Diese Story ist auch als Hörgeschichte erschienen.

„So ein Scheißdreck“, murrte Rufus und schob ein Holzscheit ins Lagerfeuer. Seine beiden Genossen wärmten ihre Füße an den Flammen, ihre Sandalen lagen daneben auf dem dreckigen Boden. Ihre Begeisterung hielt sich in Grenzen, als Rufus fortfuhr: „Bei Mars, jetzt sollen wir auch noch zigtausende Neugeborene umbringen, sogar ohne die Überzeit bezahlt zu bekommen.“ Er pickte ein paar Lehmkügelchen auf und schleuderte sie zornig sowie ungeschickt von sich. „Etwas zusätzliches Bier und Brot wäre das mindeste, das uns für den Mist zustünde!“
„Vor allem geht das ewig so weiter, obwohl sämtliche Legionäre Roms im Einsatz sind. Zu dritt schaffen wir bestenfalls ein Dorf pro Tag“, meinte Dufus, Rufus’ jüngerer Bruder. „Völlig übertrieben, diese Aktion.“
„Ständig von wütenden Eltern mit Steinen beworfen zu werden, ist auch nicht gerade lustig“, klagte Gufus, der dritte im Bunde. „Und das Geheul erst … Niemand hat ein freundliches Wort für uns übrig, die Leute hassen uns, womöglich wollen sie uns ans Fleisch.

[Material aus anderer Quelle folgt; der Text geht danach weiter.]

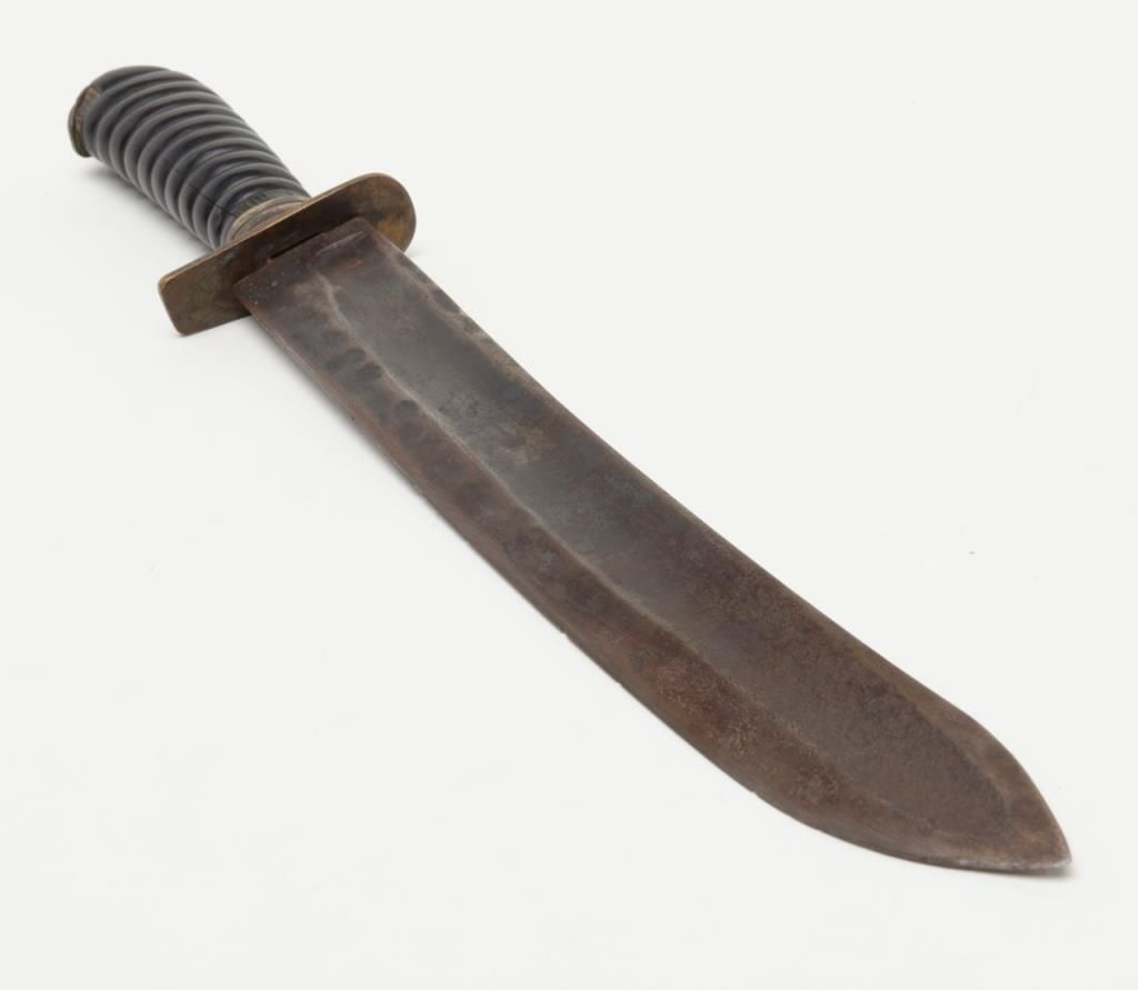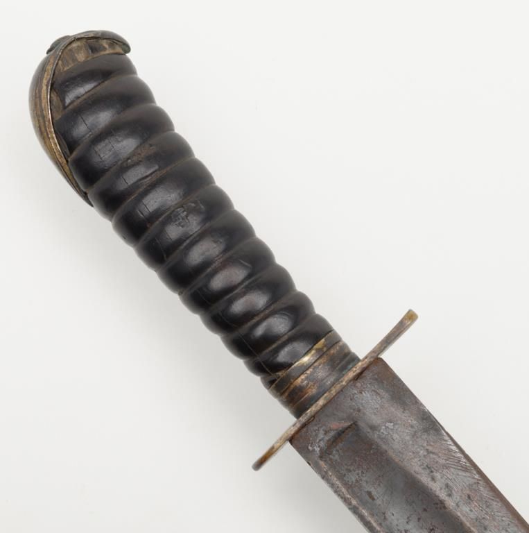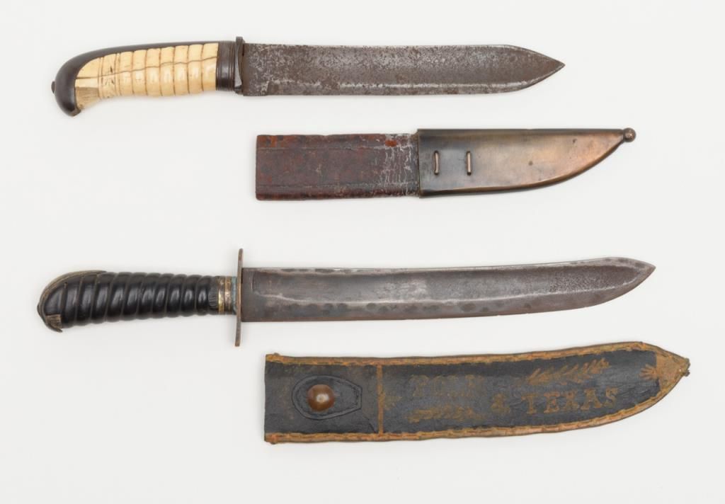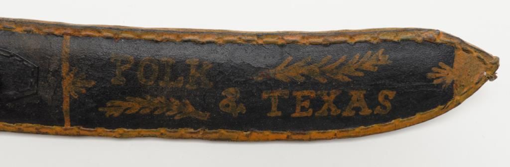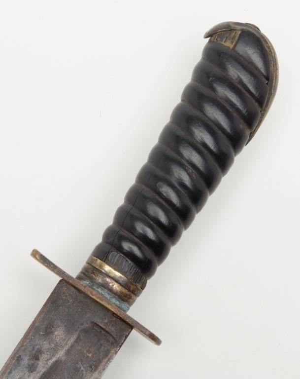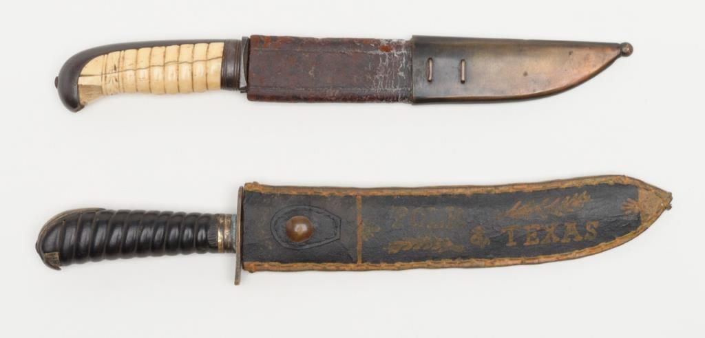 Two (2) Historic Bowie knives carried in Mexican-American war, One by Sgt. Louis H. Wunder, and the other captured by him from a Mexican combatant. (1) Sgt. Wunder’s knife is approximately 14 ¾” with 10” blade, made from anAmerican officer’s type sword, with simple grooved wood grip, brass guard and ferrule, with sword type pommel in handmade leather scabbard that is of the period with brass button type fastener in military fashion, blackened leather with painteddecoration; center portion is painted “Polk & Texas” with leaf borders. The knife is in good condition with slight to moderate pitting; scabbard is good to very good with some cracking, small losses and flaking to the leather, butgenerally good overall; there are some small chip around the pommel and slight cracks, some even wear and general use, but good to very good overall with a rich un-cleaned and untouched patina. (2) Bowie knife made from a cut down sword with grooved bone grip, blade shows “Republica” marking on the left side barely visible with foreign maker’s proof (probably Solingen), 12 ¼” with 8” blade reconfigured to a spear point shape, guard is reduced from D-type sword guard; with

Es ist nicht zum Aushalten.“
„Ach, was jammerst du, Gufus? Du willst bloß zu deiner Angebeteten nach Rom“, lachte Dufus. „Dabei hast du doch uns, oder sind wir dir etwa nicht hübsch und liebreizend genug?“
„Wieso?“, stöhnte Rufus sich theatralisch an die Stirn fassend. „Göttin Vesta hat es auf mich abgesehen, mich mit einem derart nervtötenden Bruder zu strafen. Nun, ach …“, klönte er zur Belustigung seiner Kammeraden weiter. „Nun wurde ich ausgerechnet mit klein Dufus auf diese sterbenslangweilige Mission gesandt. Lieber stürbe ich auf dem Schlachtfeld.“
„Na na“, tönte Dufus beleidigt. „So schlimm bin ich nicht. Wir sind ein prima Team, Bruderherz. Du wirst schon noch zu deinem Heldentod kommen, bis dahin amüsieren wir uns.“
„Das wird dauern“, wandte Gufus ein und wackelte mit den Zehen. „Ihr habt den Zenturio gehört. Herodes wird nicht ruhen, bis alle Neugeborenen ausgemerzt wurden oder er dieses Jesuskind gefunden hat, von dem er besessen ist. Wer weiß, wann dieser Wahnsinn zu Ende geht.“
„Sagte ich ja, ewig wird es dauern, Mehrarbeit ohne Bonussold. Eine Prämie gibt es bestimmt nur für den, der das Kind aufspürt.“ Dufus gähnte ausgiebig und klopfte sich Rußpartikel vom Rock. „Herodes weiß nicht einmal, wie das Jesuskind aussieht, woher sollen wir …“
„Herodes weiß nicht, wie das Jesuskind aussieht. Das ist es!“, stieß Rufus aus, grinste schelmisch und wiederholte: „Herodes weiß nicht, wie das Jesuskind aussieht! Ist euch Trantüten klar, was das bedeutet?“
„Ähm … was?“ Dufus blinzelte verwirrt, Gufus kratzte sich an der Nase. „Sag schon.“
„Simpel, es ist zu simpel. Wir hohlen uns einen neugeborenen Jungen, präsentieren den dem Zenturio und behaupten, der Bub sei dieses Jesuskind, das Heordes unbedingt haben will. Danach kassieren wir die Belohnung!“
„Weshalb sollte der Zenturio uns das abkaufen?“ Gufus strich sich einen Popel von der Oberlippe und spickte ihn ins Feuer, wo er knisternd verpuffte.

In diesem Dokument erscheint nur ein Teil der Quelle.